As the state prepares to replace the outgoing ISTEP+ test, Superintendent of Public Instruction Glenda Ritz is pushing for a greater focus on individual students’ learning and reducing the high stakes on performance.
“We need to get back to the purpose of assessment, which is to see how our children are doing,” Ritz said during an interview Wednesday with the Tribune-Star’s editorial board.
In an hour-long, wide-ranging session, Ritz — a Democrat seeking a second term against two GOP challengers — offered her wish list for aspects of Indiana’s new assessment and advocated for broader investment in pre-K education.
She also pointedly criticized Republican Gov. Mike Pence — her frequent sparring partner — for “showboating” with initiatives she claimed don’t go far enough to address issues like access to preschool.
“I feel our governor has a political agenda for schools,” Ritz said. “I have an education agenda for our schools. Therein lies the difference.”
She alluded to the difficult relationship while discussing the formation of a 23-member panel charged with probing alternate testing options. Ritz said she wrote Pence asking to be a member of the panel, arguing she should serve at least as co-chair.
Ritz is on the committee. Pence will appoint someone to chair the panel, which is still being formed. The committee was created by the same legislation that repeals ISTEP+ in July 2017, which Pence signed last month.
Members have a December deadline for making recommendations to the governor and the General Assembly. The new assessment, which must align with the state’s existing learning standards, will debut in the 2017-18 school year.
To better gauge academic performance over time, Ritz said each student should not receive the same questions at the same time. The new test should also include a large bank of questions and be designed so that it can provide immediate feedback on results.
Addressing the pressures the current testing model creates in a high-stakes environment — with scores being tied to a school’s accountability grade — Ritz said there is too much testing.
She said the state should consider that dynamic from a student perspective. Ritz recalled the moment, as an elementary school library media specialist in Indianapolis, when she decided to pursue public office.
A student who performed well on her I-READ3 exam — which is designed to ensure children meet fundamental reading skills before fourth grade — told Ritz she didn’t need to check out a book that day because of her test score.
“And I said, what have we done to the children [is created a situation] where they think that the act of reading is for the sake of taking a test,” she said.
Before taking office, Ritz formed Hoosier Family of Readers, an online platform providing access to thousands of online books families are encouraged to read at home.
But she also wants to see the new assessment measure reading standards. As head of the state’s public schools, Ritz said she “can’t tell you the reading levels of any of the kids in the state of Indiana.”

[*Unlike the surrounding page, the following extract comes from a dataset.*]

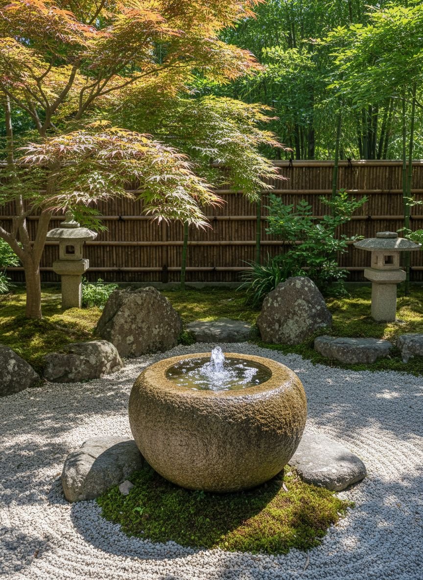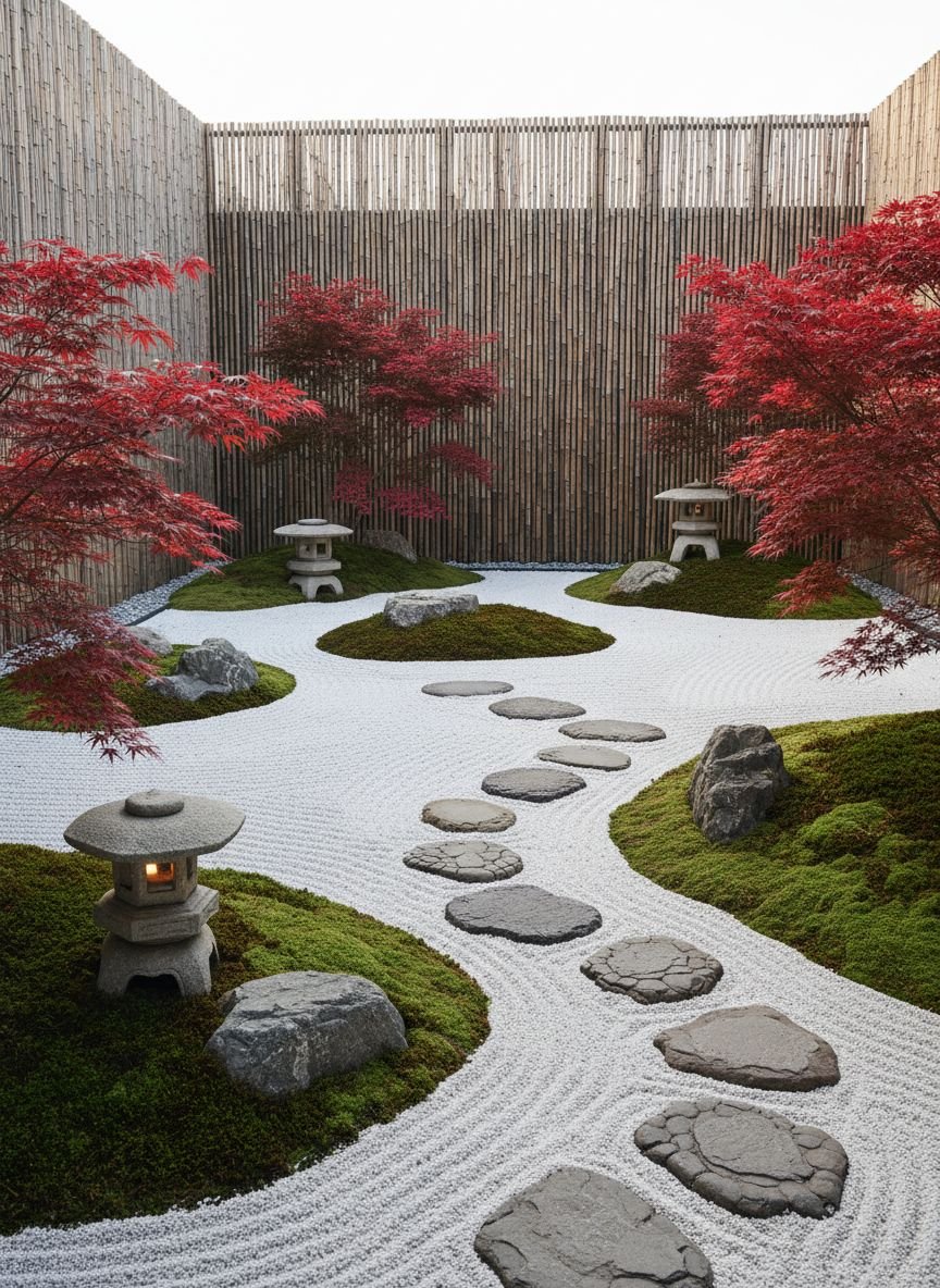 Japanese-inspired courtyard with raked gravel, moss islands, and stone lanterns

“And I consider reading to be the most important measurement that we can do,” she said. “An indicator of success of school.”

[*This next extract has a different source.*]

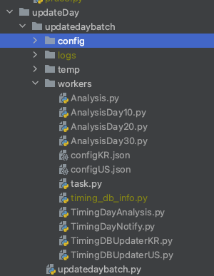 3. task.py라는 파일을 생성한다. Doc에는 나와있지 않지만 task.py는 python batch runner를 관리하기 위해 본인이 생성한 파일이다. 배치가 많이 없다면 필요없겠지만 배치가 많다면 저렇게 하나의 Runner전용 파일을 만들어 관리하는 것도 괜찮은 거 같다.
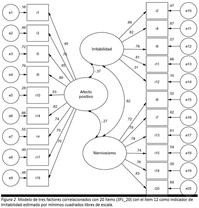 El modelo de tres factores tampoco fue sugerido por los criterios para determinar el número de factores, y al estimarlo se evidenció el motivo, la falta de validez discriminante entre los dos factores de afecto negativo (irritabilidad y nerviosismo), los cuales deberían definir un solo factor.

On the subject of pre-K education, Ritz said the saddest day of her term was in 2014, when Pence declined to apply for $80 million in federal funding for low-income preschool programs.
At the time, Pence contended availability of funding didn’t guarantee successful initiatives, and might have complicated the state’s own pilot program for income-eligible 4-year-olds.

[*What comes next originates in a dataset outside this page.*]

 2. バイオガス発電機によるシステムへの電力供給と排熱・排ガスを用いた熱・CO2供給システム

The pilot program, On My Way Pre-K, launched in five counties last year. While Ritz praised its objective, she said its scope wasn’t broad enough.
The Indiana Department of Education is moving forward, she said, to expand preschool opportunities statewide.
“I don’t need anybody’s permission to start to make sure that every public school district in the state of Indiana has pre-K programs,” she said.
IDOE is looking at how to distribute Title I funds to schools with large numbers of students living in poverty, she said, as well as determining which areas need pre-K programs that don’t already offer them.